Posted 2014-08-16T04:57:54.737

Reputation: 3

http://en.wikipedia.org/wiki/Levenshtein_distance , http://en.wikipedia.org/wiki/String_distance_metric , http://en.wikipedia.org/wiki/Phonetic_algorithm – gronostaj – 2014-08-16T07:48:04.697

Answers

I think this is tolerably complex. It's a branch of Natural Language Programming (not the other NLP, Neuro Linguistic Pap). You need to be able to match "here" and "hear" - so you need to break down the elements, and map them to a phonetic equivalence (h-"ere" and h-"ere" for both).
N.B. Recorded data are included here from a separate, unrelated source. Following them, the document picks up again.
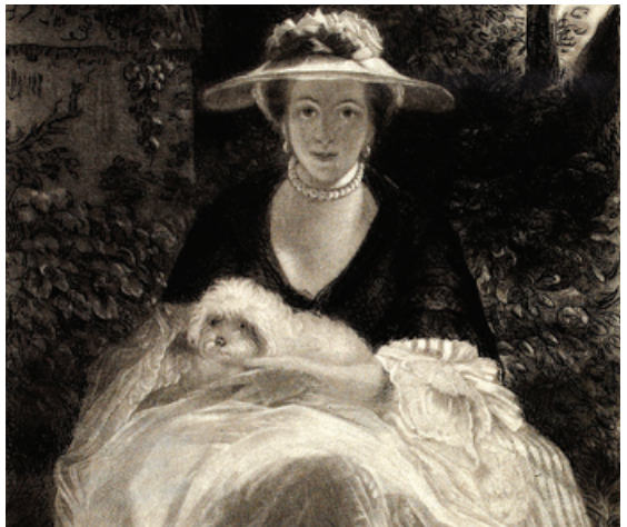
Celebrated 18th century beauty Nelly O'Brien, from the Elmes Portrait Collection (EP OBRI-NE (1) I).

Follow us on Twitter and Facebook for information about events as well as insights into our digitized collection.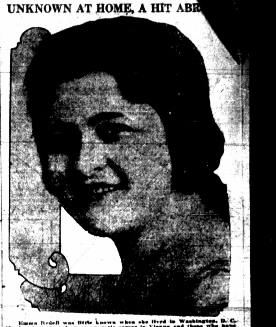
UNKNOWN AT HOME, A HIT ABOVE...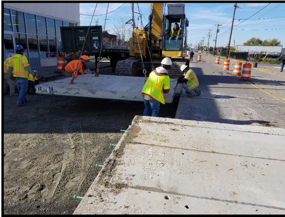
New precast reinforced concrete slab being lowered into place.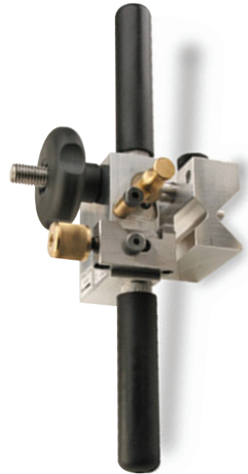
Speed Systems Adjustable Tool Model 2900 www.spdsystems.com

*When ordering a WS series tool, please provide the following information (see Hendrix catalog for cable information).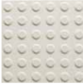
Typical warning tactile surface tile (ivory coloured) 6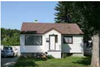
Beverly Heights $274,900 www.4038-114avenue.com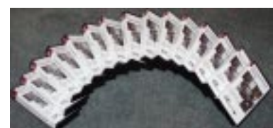
Training Programs w/ Certification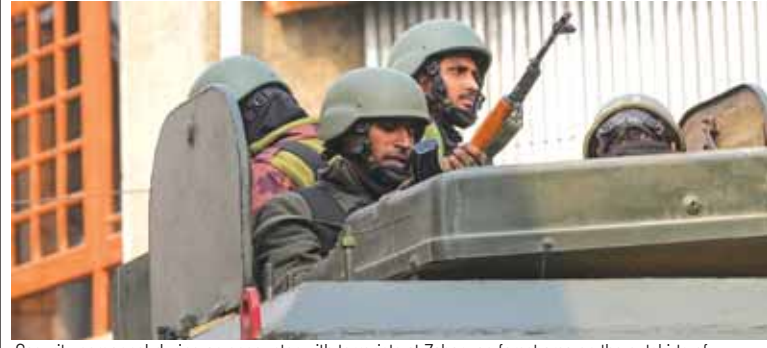
Security personnel during an encounter with terrorists at Zabarwan forest area on the outskirts of Srinagar, on Sunday

And some spellings have variant phonetics (cough, plough, through) or have even worse homonyms (the there, they're, their group) and those can be regionally different (in the UK, the long or short 'a' in garage, graph and glass, for example). When you're making phonetic equivalences, they aren't always singular.

Once you've got phonetic equivalences, you can use a variety of heuristics to minimise the difference between them. For poetry, you probably need to excessively emphasise the weight of terminations - rhyming mostly depends on word endings. You may want alliterative runs for poetry, too - a different weighting would probably be needed for euphonious alliteration.

I'd join one of the free online university courses on NLP - there are several, currently. Much better grounding in modern techniques for parsing language. :)

JezC

Posted 2014-08-16T04:57:54.737

Reputation: 550

You can use string comparison among strings of the same length and allow for one (or two) unmatching characters.

By looking at your website, though, I'd suggest to map the words by their phonetic representation and then search into them, treating the strings like characters arrays and starting the comparison from the back.

To build over your example: near -> \'nir\ pear -> \'per\ dear -> \'dir\ rear -> \'rir\ or \'rer\ here -> \'hir\

(I'm ripping off the Merriam-Webster online for the phonetic notation, here)

The mapping, I'm afraid, should be done as a look-up table and can't be compiled, because English doesn't have very strong pronunciation rules...

Anyway, once you mapped your words, you can compare their last phoneme: in this case, you may want to look for words that end in "ir\" (which would exclude "pear", in this case).

This method doesn't look terribly efficient: if I could use some disk space, I'd save the searches for future reference: so when a second use looks for all the words which rhyme to "near", the application just loads the saved search -since dictionaries usually don't evolve too fast.

Lorenzo Zanetti

Posted 2014-08-16T04:57:54.737

Reputation: 1